• **SUPPLIED MATERIAL**:

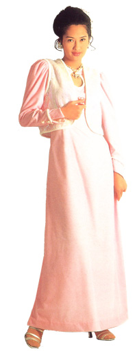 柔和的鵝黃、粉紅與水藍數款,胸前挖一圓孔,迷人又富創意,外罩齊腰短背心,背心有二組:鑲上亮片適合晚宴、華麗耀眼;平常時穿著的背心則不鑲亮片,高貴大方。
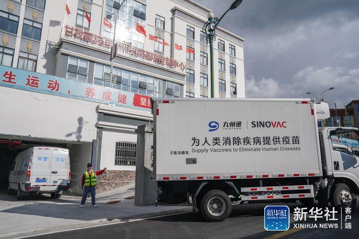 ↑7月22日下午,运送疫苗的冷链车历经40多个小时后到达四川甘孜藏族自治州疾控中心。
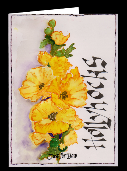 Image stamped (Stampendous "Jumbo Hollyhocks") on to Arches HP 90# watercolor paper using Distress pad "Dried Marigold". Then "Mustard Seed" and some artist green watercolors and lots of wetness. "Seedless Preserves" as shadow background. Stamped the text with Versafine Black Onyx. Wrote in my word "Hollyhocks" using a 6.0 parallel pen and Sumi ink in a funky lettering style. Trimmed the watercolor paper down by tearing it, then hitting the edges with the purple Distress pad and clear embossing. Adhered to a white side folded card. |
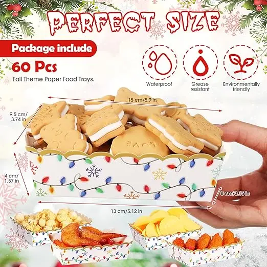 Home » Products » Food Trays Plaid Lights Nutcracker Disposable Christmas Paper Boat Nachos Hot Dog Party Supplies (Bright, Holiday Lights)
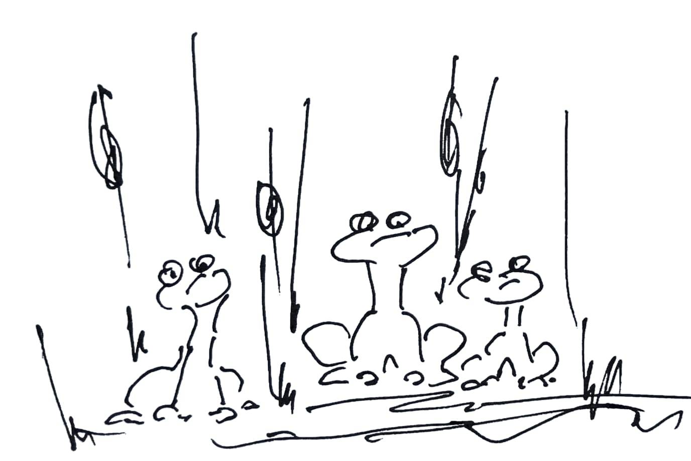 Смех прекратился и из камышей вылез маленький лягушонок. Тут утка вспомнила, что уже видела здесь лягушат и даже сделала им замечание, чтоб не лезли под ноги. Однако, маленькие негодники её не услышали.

* * *

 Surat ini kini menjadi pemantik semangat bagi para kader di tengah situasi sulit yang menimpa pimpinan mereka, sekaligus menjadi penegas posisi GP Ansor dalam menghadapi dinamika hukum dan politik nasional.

• **EXERCISE OBJECTIVE**: Nothing except the lines from the one containing "Image stamped (Stampendous" through the one containing "Смех прекратился и" should appear in the answer, exactly as above and without pictures.

• **RESULT OF THE TASK**:
 Image stamped (Stampendous "Jumbo Hollyhocks") on to Arches HP 90# watercolor paper using Distress pad "Dried Marigold". Then "Mustard Seed" and some artist green watercolors and lots of wetness. "Seedless Preserves" as shadow background. Stamped the text with Versafine Black Onyx. Wrote in my word "Hollyhocks" using a 6.0 parallel pen and Sumi ink in a funky lettering style. Trimmed the watercolor paper down by tearing it, then hitting the edges with the purple Distress pad and clear embossing. Adhered to a white side folded card. |
 Home » Products » Food Trays Plaid Lights Nutcracker Disposable Christmas Paper Boat Nachos Hot Dog Party Supplies (Bright, Holiday Lights)
 Смех прекратился и из камышей вылез маленький лягушонок. Тут утка вспомнила, что уже видела здесь лягушат и даже сделала им замечание, чтоб не лезли под ноги. Однако, маленькие негодники её не услышали.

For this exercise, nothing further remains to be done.